• INSTRUCTIONS TO FOLLOW: What the answer must hold is the line containing "Nowy wymiar trwałości" and all lines after it through the end of the listing, copied exactly, with pictures left out.

• DATA:
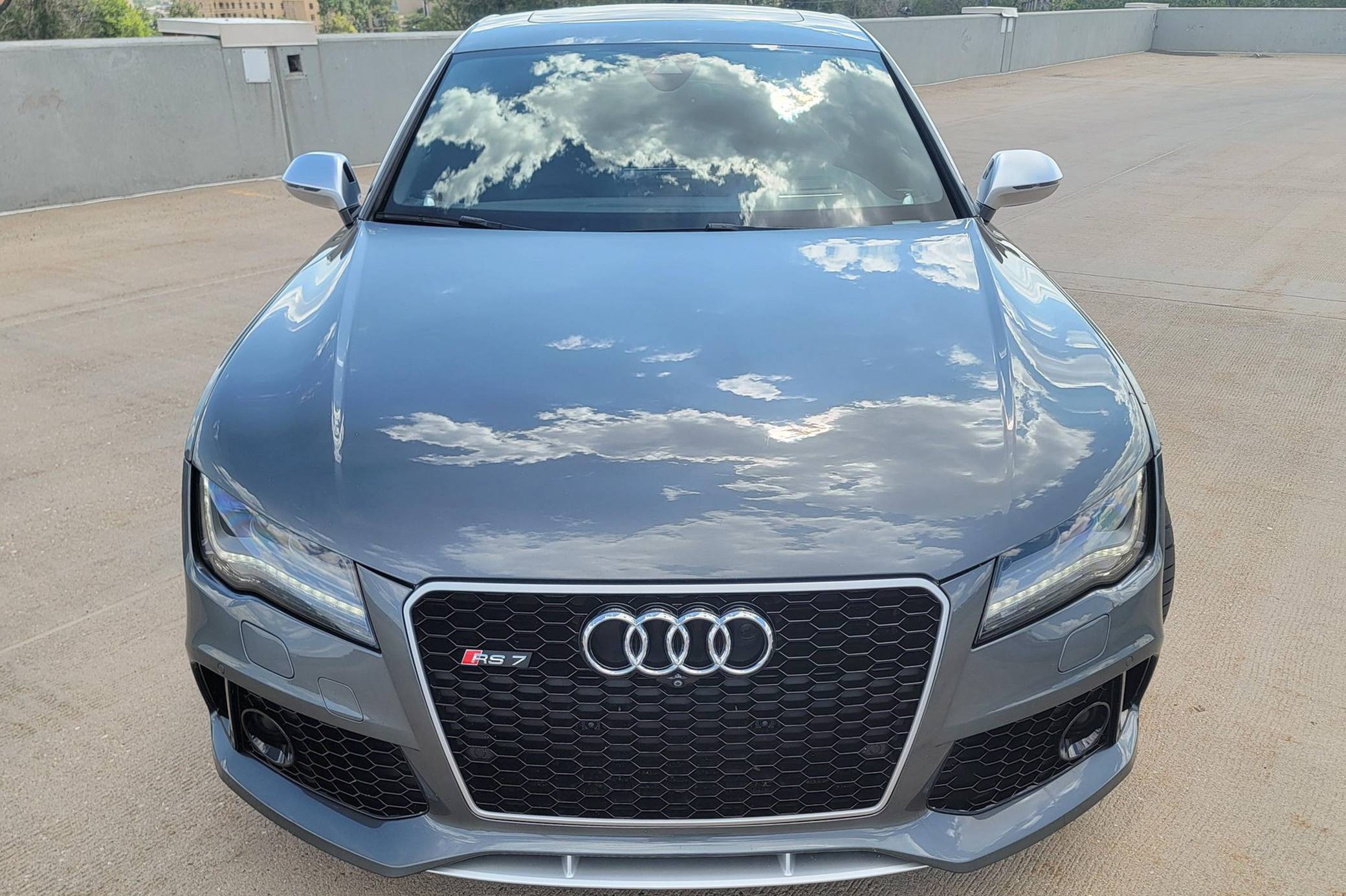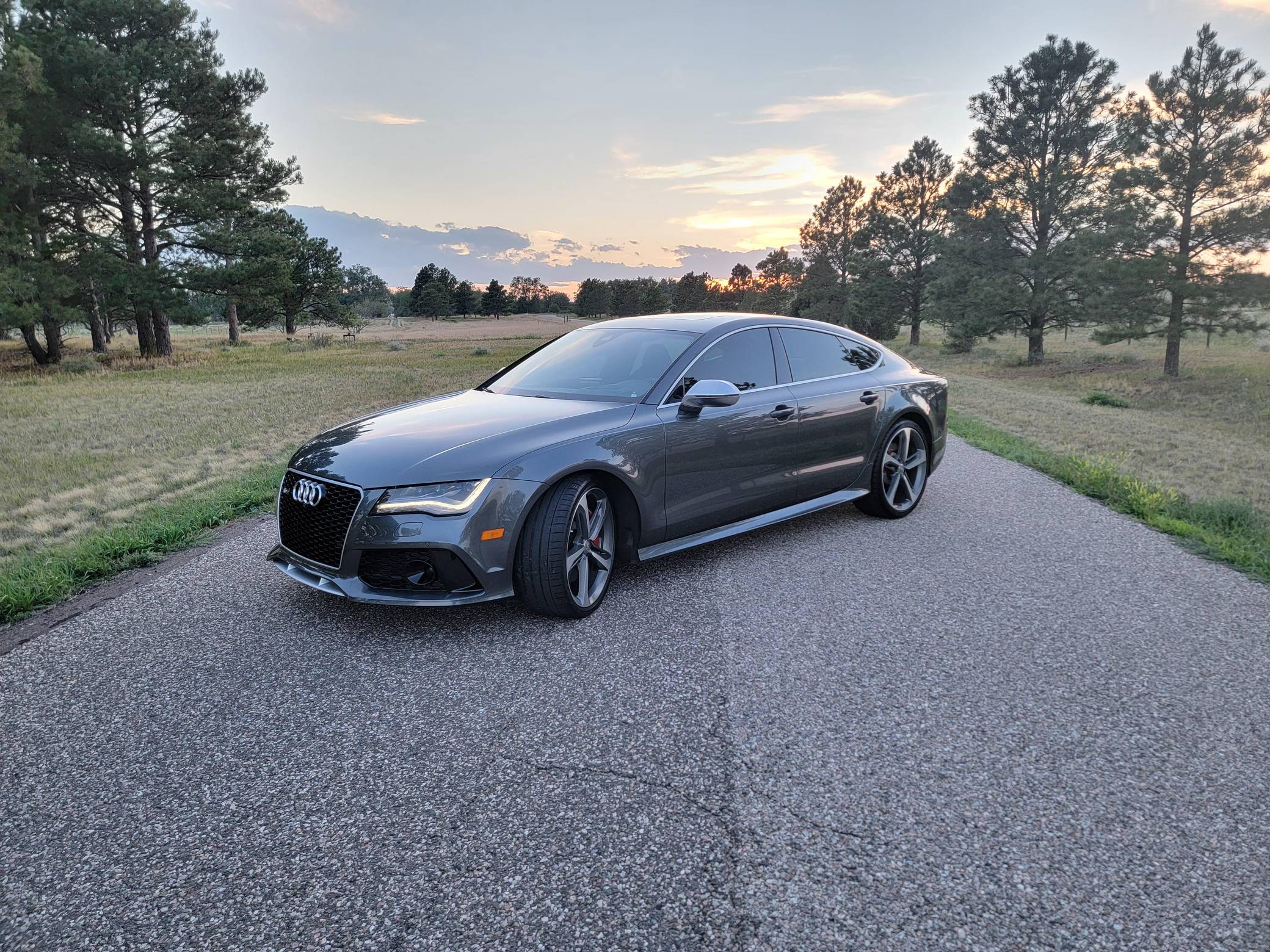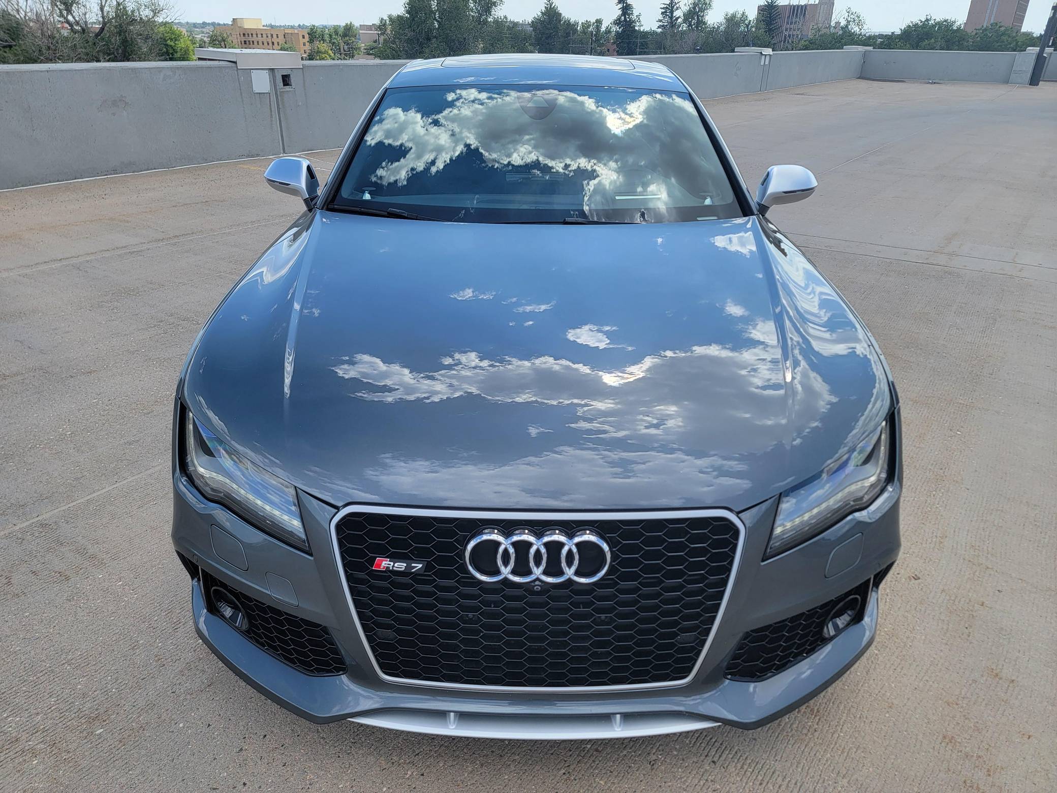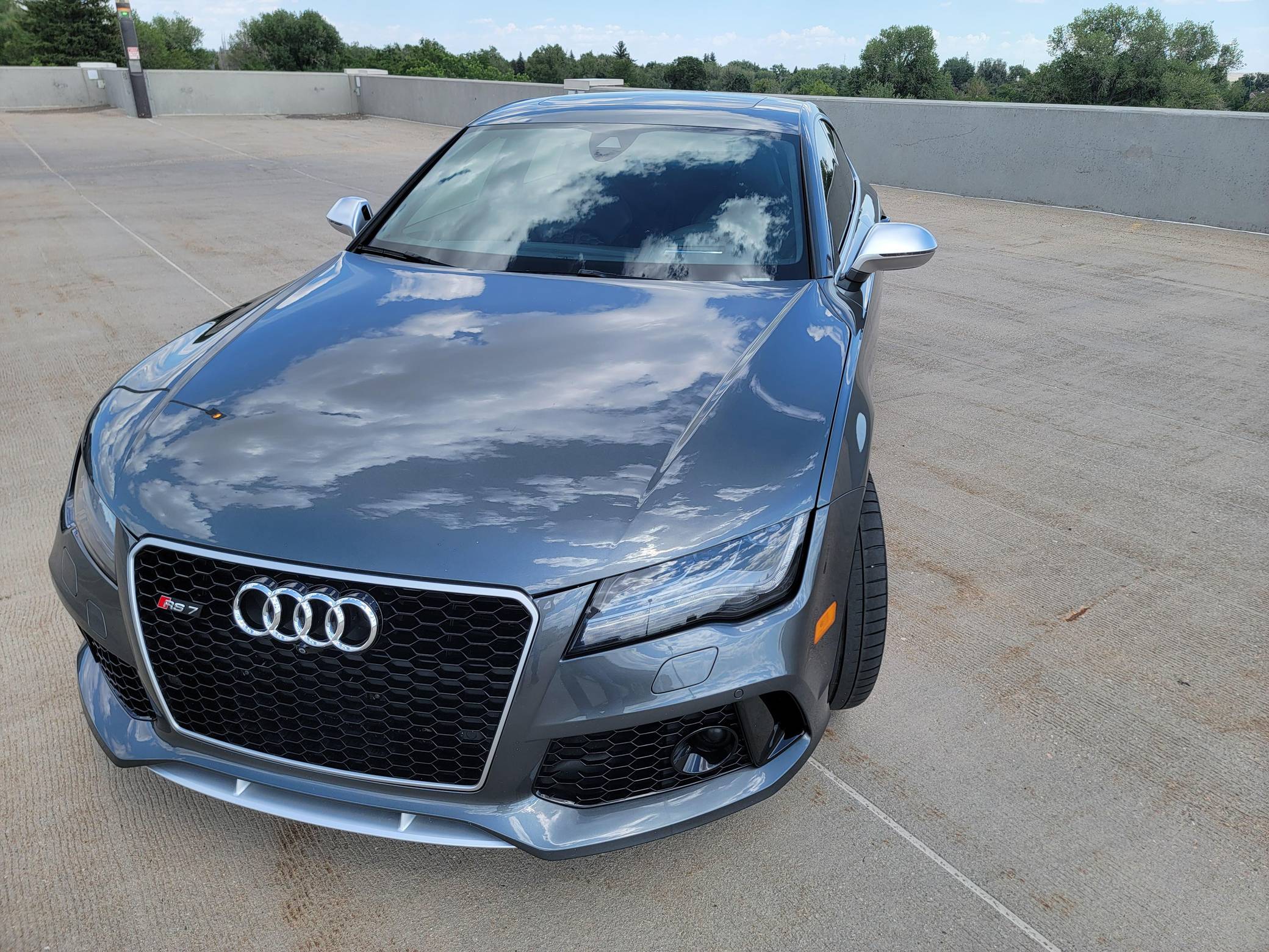 THIS… is a 2014 Audi RS7, finished in Daytona Gray Pearl Effect with a black interior. Factory equipment includes the RS7 Dynamic, Driver Assistance, and Innovation Packages, 21-inch 5-spoke Blade Design wheels, leather upholstery, carbon fiber interior trim, power-adjustable front seats, a Bang & Olufsen advanced sound system, and an Audi MMI Navigation Plus system with MMI Touch. Modifications are limited to tinted windows. Audi introduced the "Type 4G8" A7 in 2010, and the range-topping RS7 variant arrived in 2013. In addition to power upgrades, Audi also added a myriad of high-performance equipment such as 15-inch front brake rotors with 6-piston calipers, Quattro all-wheel-drive with torque vectoring, and a locking center differential, among other RS-specific features. Power comes from a "TFSI" 4. 0-liter twin-turbocharged V8, rated at 560 horsepower and 516 lb-ft of torque. Output is sent to all four wheels via an 8-speed automatic transmission and Audi's Quattro permanent all-wheel-drive system.
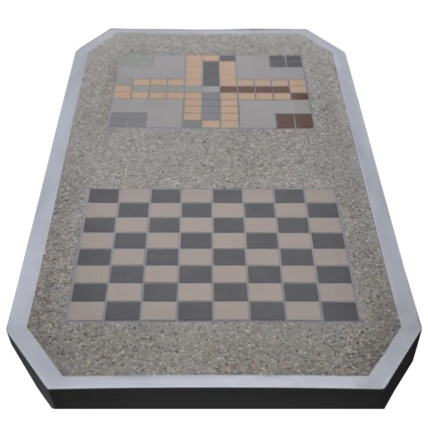Nowy wymiar trwałości i estetyki. Model 77511B to kompletna strefa gier dla wymagających inwestycji. Kluczową cechą tego zestawu jest blat wykonany w technologii hybrydowej: płytki gresowe (plansze do gier) są wtopione bezpośrednio w strukturę betonu, a następnie cała powierzchnia jest szlifowana. Efektem jest idealnie gładki monolit, który eliminuje ryzyko odklejania się płytek i zapewnia najwyższy komfort gry. Przy wadze blisko 1000 kg, zestaw ten jest synonimem stabilności i odporności na wandalizm.
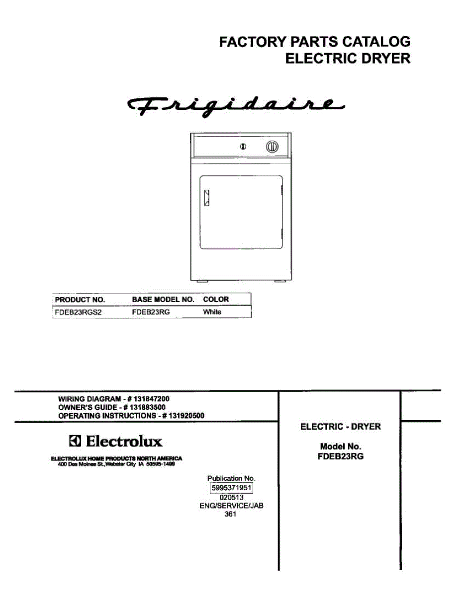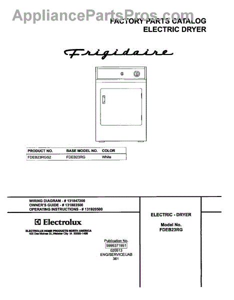 Parts for Frigidaire FDEB23RGS2: 01 - Cover Parts

• SOLUTION BELOW:
Nowy wymiar trwałości i estetyki. Model 77511B to kompletna strefa gier dla wymagających inwestycji. Kluczową cechą tego zestawu jest blat wykonany w technologii hybrydowej: płytki gresowe (plansze do gier) są wtopione bezpośrednio w strukturę betonu, a następnie cała powierzchnia jest szlifowana. Efektem jest idealnie gładki monolit, który eliminuje ryzyko odklejania się płytek i zapewnia najwyższy komfort gry. Przy wadze blisko 1000 kg, zestaw ten jest synonimem stabilności i odporności na wandalizm.
 Parts for Frigidaire FDEB23RGS2: 01 - Cover Parts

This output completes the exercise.